_Task objective_
Keep the pictures out and restate every record exactly.

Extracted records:
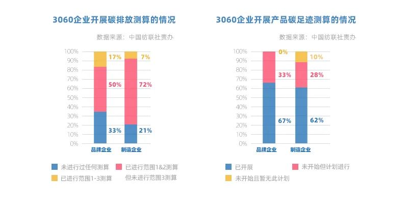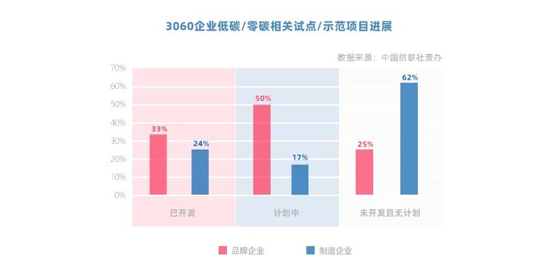 隨著國家推動并建立綠色低碳相關工廠與產(chǎn)品等評價方法,紡織企業(yè)積極響應,錨定產(chǎn)業(yè)轉型新機遇,3060企業(yè)已有27%完成開發(fā)低碳/零碳相關試點/示范項目。
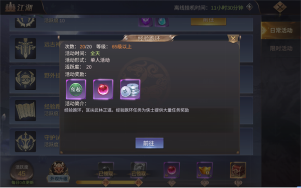 每天有20次的经验跑环任务,每次完成任务都可以获得大量的经验,是主要的升级途径。
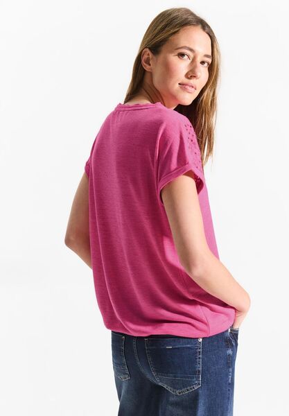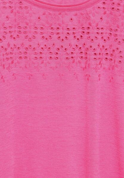 Das Sommer-T-Shirt von CECIL für Damen ist ein lässiges Kurzarmshirt mit einem praktischen Gummibund für eine bequeme Passform. Es zeichnet sich durch feminine Lochstickerei-Details aus, die dem Shirt eine charmante und verspielte Note verleihen. Hergestellt aus bequemer Jersey-Qualität bietet es ein angenehmes Tragegefühl und ist ideal für warme Sommertage geeignet. Kurzarmshirt Gummibund Feminine Lochstickerei Bequeme Jersey-Qualität Material: 55% Polyester, 45% Viskose
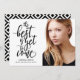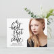 Este anúncio de graduação de fotos traz as palavras "o melhor ainda está por vir" em um roteiro manuscrito preto sobre fundo branco com o nome do formando, a escola e o ano de graduação em preto. Texto totalmente personalizável. Personalize com uma foto favorita do seu formando. Os detalhes da festa de formatura podem ser facilmente adicionados à parte traseira, excluindo o plano de fundo existente.
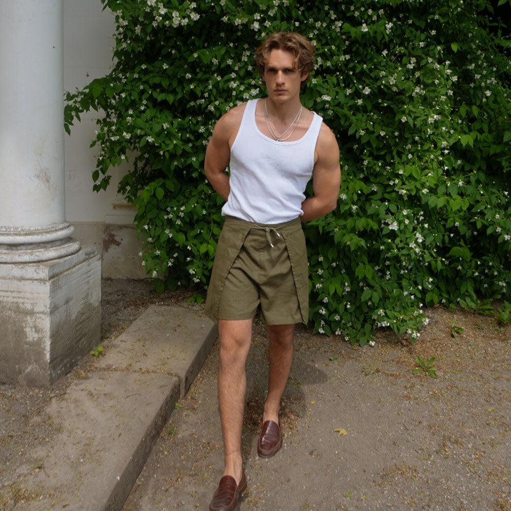 Linen Wrap Shorts - Olive Green
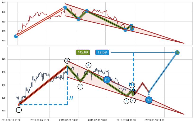 ➢ 最小中继整理涨幅→𝐇: 15.10 (𝐇楔型旗杆的长度:楔型起点→顶点)
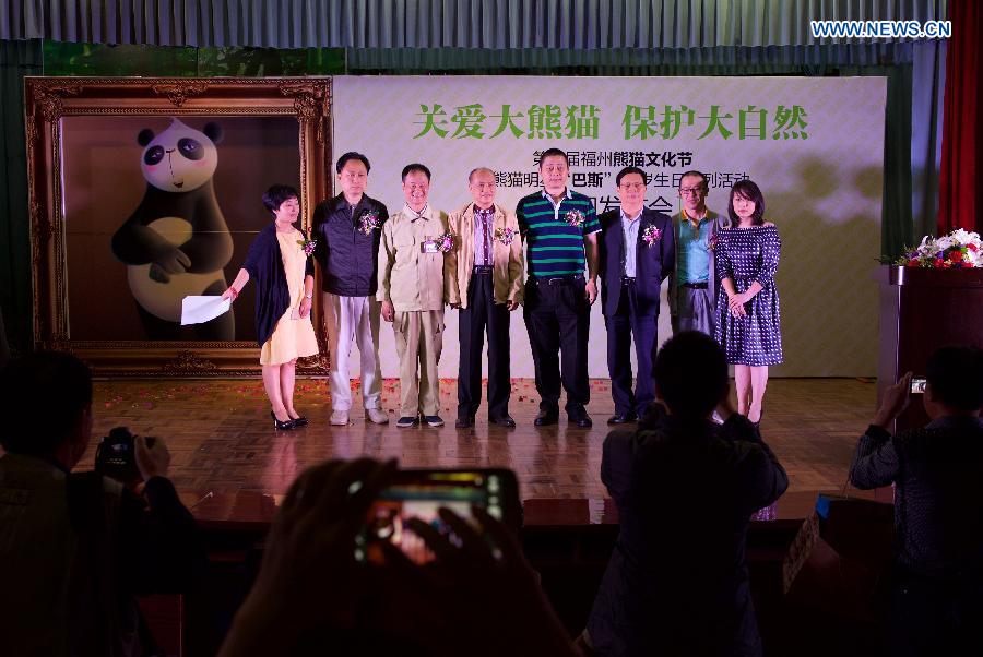 Guests pose for a photo at an activity celebrating the 35th birthday for giant panda Basi at a giant panda research center in Fuzhou, capital of southeast China's Fujian Province, May 21, 2015. Basi, the equivalent of over 100 years in human age, is the oldest living giant panda in Chinese mainland. (Xinhua/Jiang Kehong) |
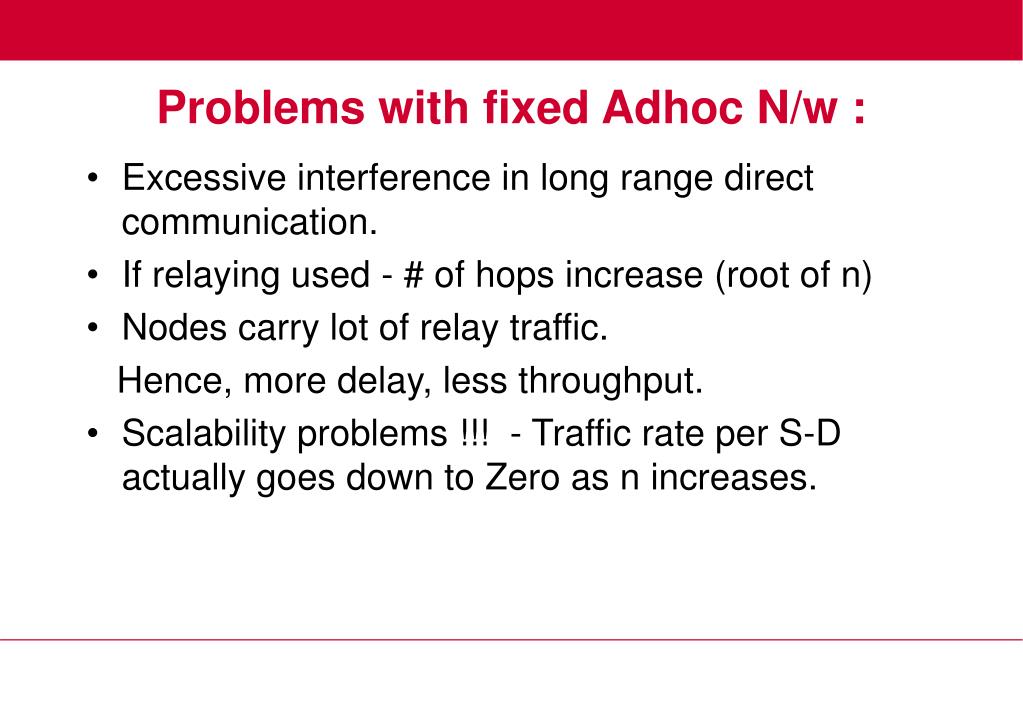 Problems with fixed Adhoc N/w : • Excessive interference in long range direct communication. • If relaying used - # of hops increase (root of n) • Nodes carry lot of relay traffic. Hence, more delay, less throughput. • Scalability problems !!! - Traffic rate per S-D actually goes down to Zero as n increases.
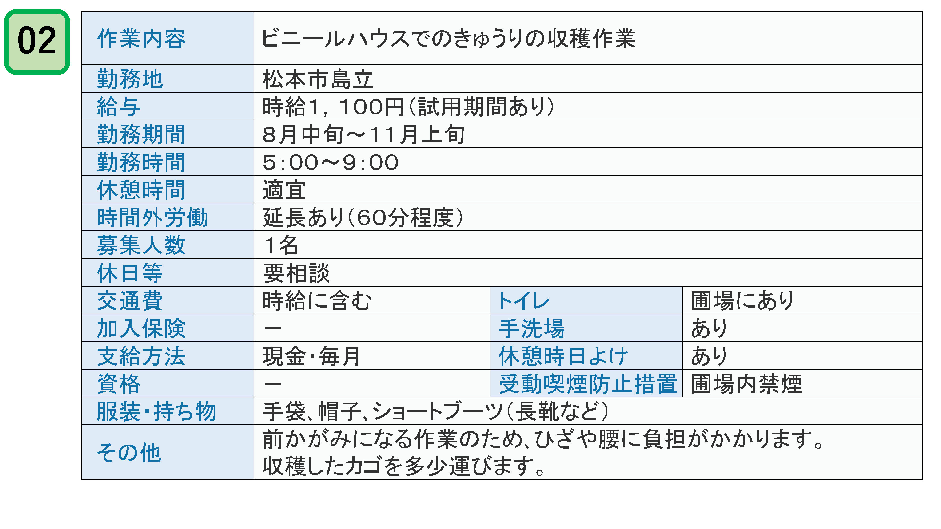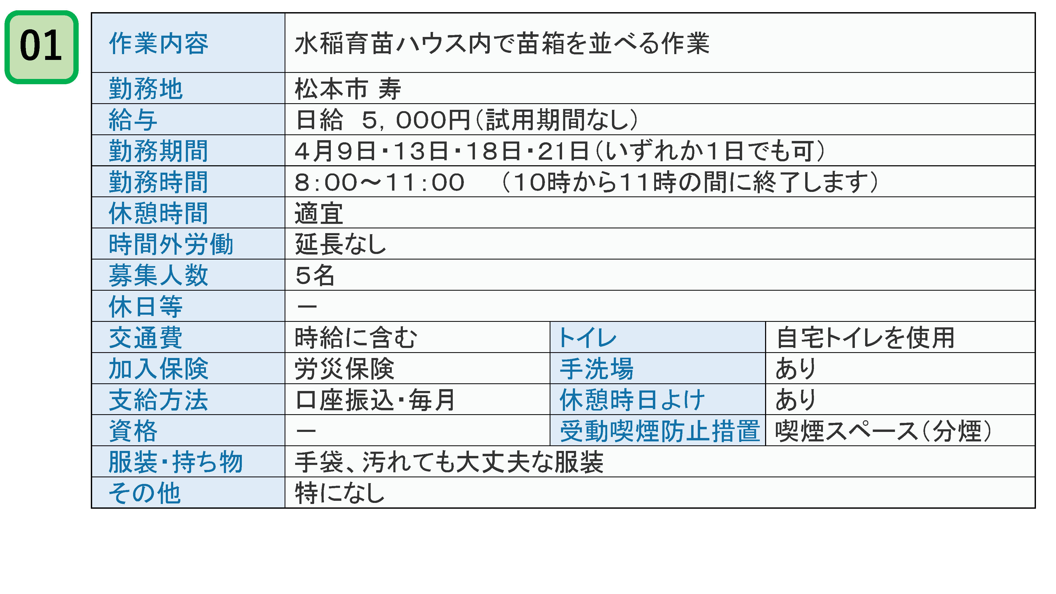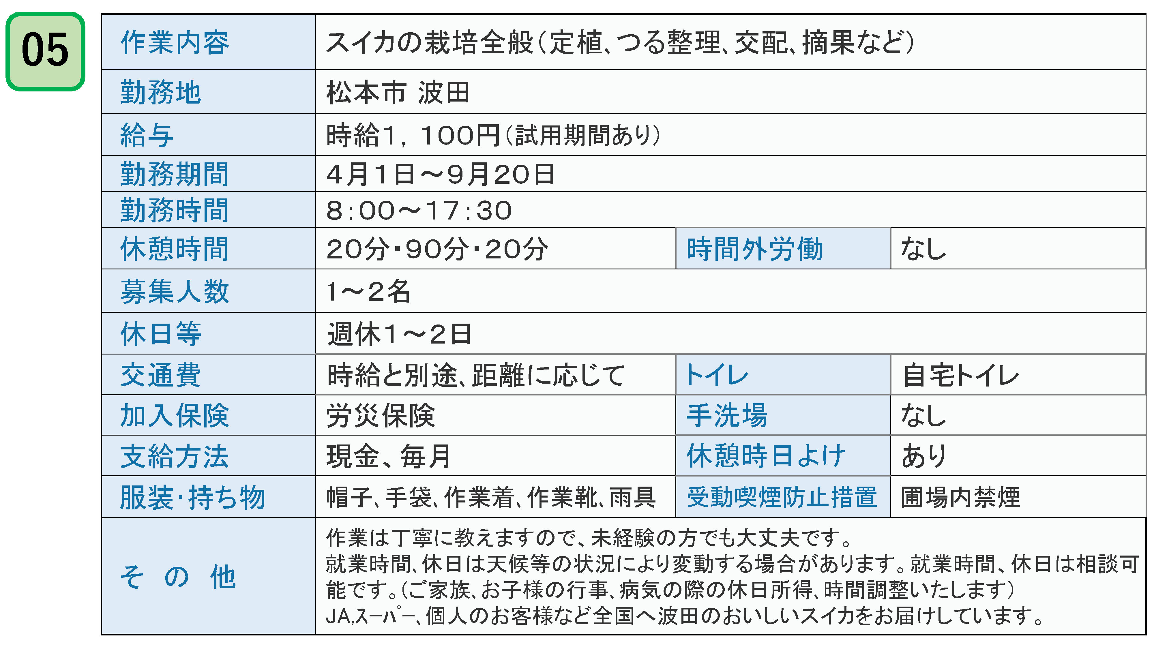 農作業のアルバイトを探している方(求職者)に対して、JA松本ハイランドが働き手を探す農家(求人者)を仲介斡旋するものです。雇用契約は、農家と求職者双方で合意のうえ締結いただくためトラブルに関しては、JAは一切の責任を負いませんのでご了承ください。

_Final answer_
 隨著國家推動并建立綠色低碳相關工廠與產(chǎn)品等評價方法,紡織企業(yè)積極響應,錨定產(chǎn)業(yè)轉型新機遇,3060企業(yè)已有27%完成開發(fā)低碳/零碳相關試點/示范項目。
 每天有20次的经验跑环任务,每次完成任务都可以获得大量的经验,是主要的升级途径。
 Das Sommer-T-Shirt von CECIL für Damen ist ein lässiges Kurzarmshirt mit einem praktischen Gummibund für eine bequeme Passform. Es zeichnet sich durch feminine Lochstickerei-Details aus, die dem Shirt eine charmante und verspielte Note verleihen. Hergestellt aus bequemer Jersey-Qualität bietet es ein angenehmes Tragegefühl und ist ideal für warme Sommertage geeignet. Kurzarmshirt Gummibund Feminine Lochstickerei Bequeme Jersey-Qualität Material: 55% Polyester, 45% Viskose
 Este anúncio de graduação de fotos traz as palavras "o melhor ainda está por vir" em um roteiro manuscrito preto sobre fundo branco com o nome do formando, a escola e o ano de graduação em preto. Texto totalmente personalizável. Personalize com uma foto favorita do seu formando. Os detalhes da festa de formatura podem ser facilmente adicionados à parte traseira, excluindo o plano de fundo existente.
 Linen Wrap Shorts - Olive Green
 ➢ 最小中继整理涨幅→𝐇: 15.10 (𝐇楔型旗杆的长度:楔型起点→顶点)
 Guests pose for a photo at an activity celebrating the 35th birthday for giant panda Basi at a giant panda research center in Fuzhou, capital of southeast China's Fujian Province, May 21, 2015. Basi, the equivalent of over 100 years in human age, is the oldest living giant panda in Chinese mainland. (Xinhua/Jiang Kehong) |
 Problems with fixed Adhoc N/w : • Excessive interference in long range direct communication. • If relaying used - # of hops increase (root of n) • Nodes carry lot of relay traffic. Hence, more delay, less throughput. • Scalability problems !!! - Traffic rate per S-D actually goes down to Zero as n increases.
 農作業のアルバイトを探している方(求職者)に対して、JA松本ハイランドが働き手を探す農家(求人者)を仲介斡旋するものです。雇用契約は、農家と求職者双方で合意のうえ締結いただくためトラブルに関しては、JAは一切の責任を負いませんのでご了承ください。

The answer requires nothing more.